Today, if you walk around Kampala, the capital city, you won't likely see young women sporting gomesis. They wear skinny jeans, Western clothes, etc. Even in Lugazi, it's mostly older women who wear them. However, apparently Alicia Keys absolutely rocks a gomesi.

Still, as muzungus (white people or foreigners) learning about Ugandan culture, we kind of have to wear them because a) it's respectful, and b) it makes the Ugandans proud, and c) it also makes Ugandans laugh. 

Next week, I get to wear one ALL DAY for the wedding of the Musana security guard, Joseph. I really hope I don't resemble an old moth this time.

Monday 17 June 2013

Lions and Martyrs and Cranes (oh my!)

This post is a compilation of various Ugandan adventures. (And it's a long one, sorry. Feel free to break as needed, like if you have a meeting at work or a hungry child.)

Adventure #1: Wildlife

My first day in Uganda, I stayed at a backpacker's hospital in Entebbe, close to the airport. Julie and I waited for Angela's flight to arrive so we could all go to Lugazi together.
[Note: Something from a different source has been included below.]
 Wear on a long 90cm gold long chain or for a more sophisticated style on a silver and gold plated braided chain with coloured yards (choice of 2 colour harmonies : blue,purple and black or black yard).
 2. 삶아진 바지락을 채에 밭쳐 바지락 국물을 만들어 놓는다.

To pass the time, we went to see real, African wildlife! At the zoo.



There were lions, but apparently I didn't take photos of them. I think they were being boring. But look! Chimpanzees, zebras, hyenas, and ostriches.

We also encountered a random camel eating leaves on the road near the hostel.
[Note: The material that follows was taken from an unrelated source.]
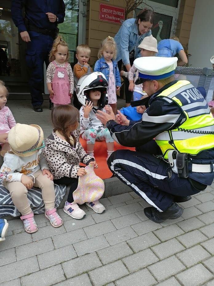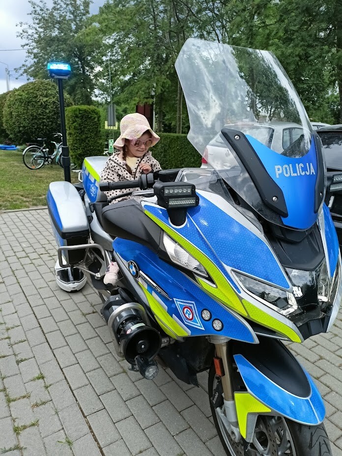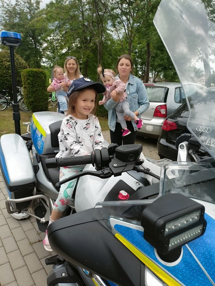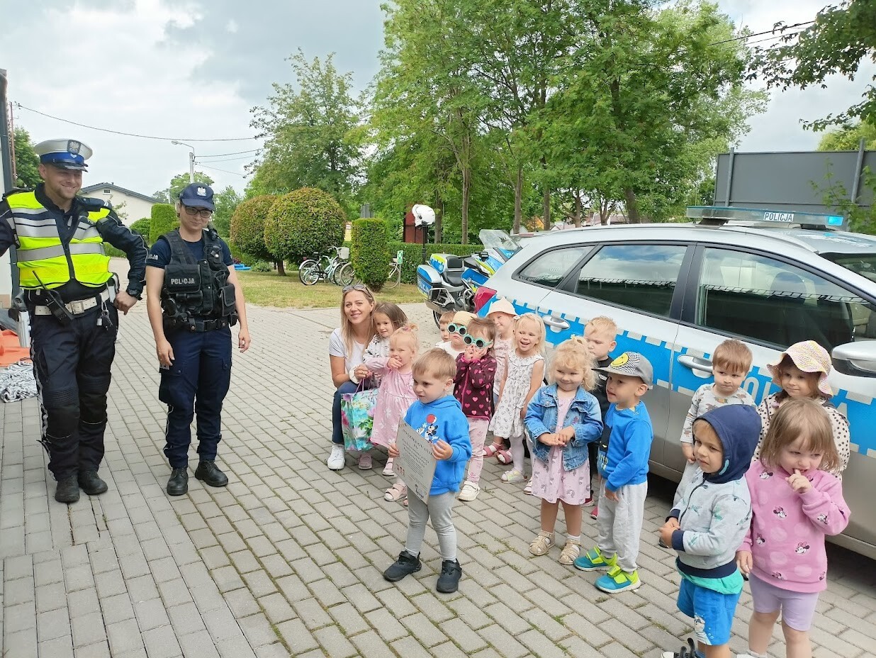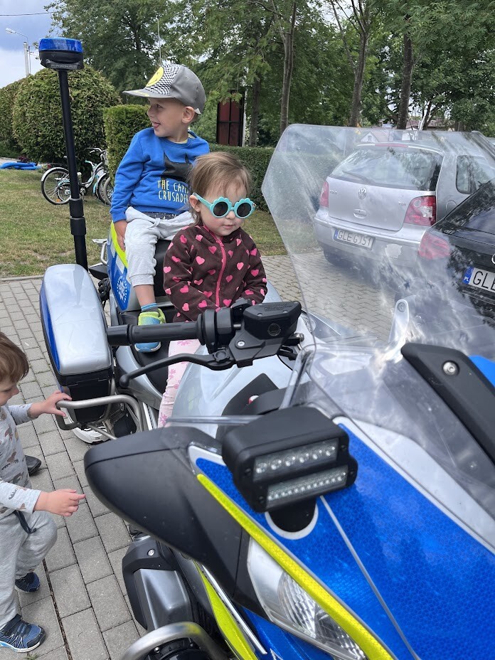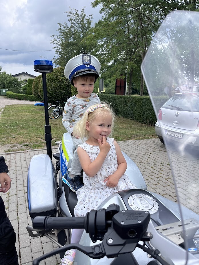 Dzięki uprzejmości Pani Julii Suleckiej - mamie Felicji dzieci ze żłobka miały możliwość spotkania się z funkcjonariuszami Policji z Lęborka. Tematem spotkania było "Bezpiecznie podczas wakacji". Dzieci zapoznały się z pojazdami takimi jak motocykl oraz wóz policyjny, rozpoznawały sygnały świetlne oraz ich kolorystykę.
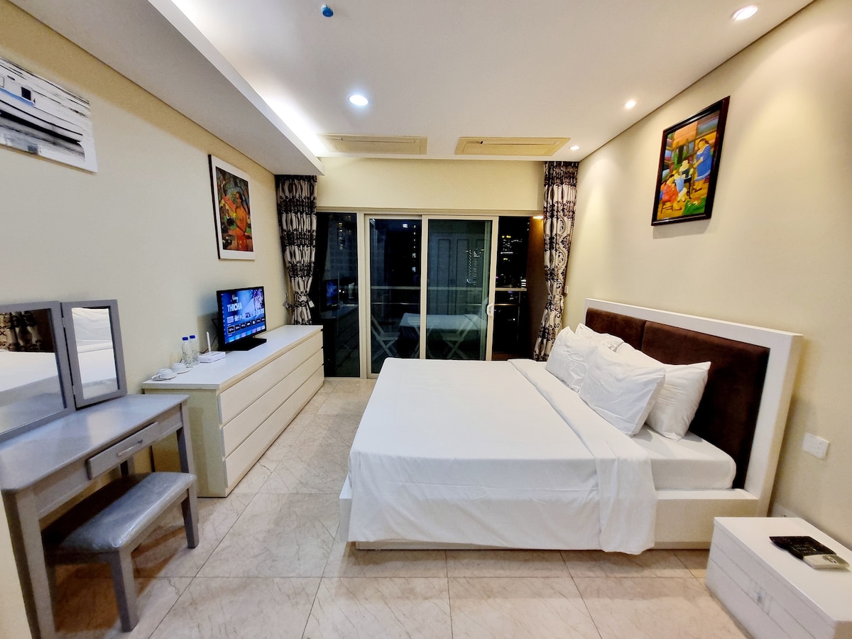 Questo elegante monolocale ai piani alti a Panorama Nha Trang offre una combinazione perfetta di comfort e comodità moderne. Le finestre a tutta altezza incorniciano ampie viste sulla città direttamente dal tuo letto king-size con lenzuola premium a 5 stelle. La spaziosa disposizione include un'ampia scrivania, una Smart TV da 43" e un ampio bagno ben attrezzato. Che tu sia qui per lavoro o per piacere, godrai di un rifugio sereno nel cuore di Nha Trang, a pochi passi dalla spiaggia, dai ristoranti e dai luoghi di intrattenimento.

Julie and I stopped by Lake Victoria, too. We were advised to not swim, so I just put my feet in. Turns out you're not supposed to do that, either, because the lake is full of this snail parasite. So I'm gonna die. 

Or I'll take a pill in a few weeks to get rid of any possible wormies that might be chilling in my liver or whatever. Leave it to me to contract a parasite within 12 hours of arriving in Africa. 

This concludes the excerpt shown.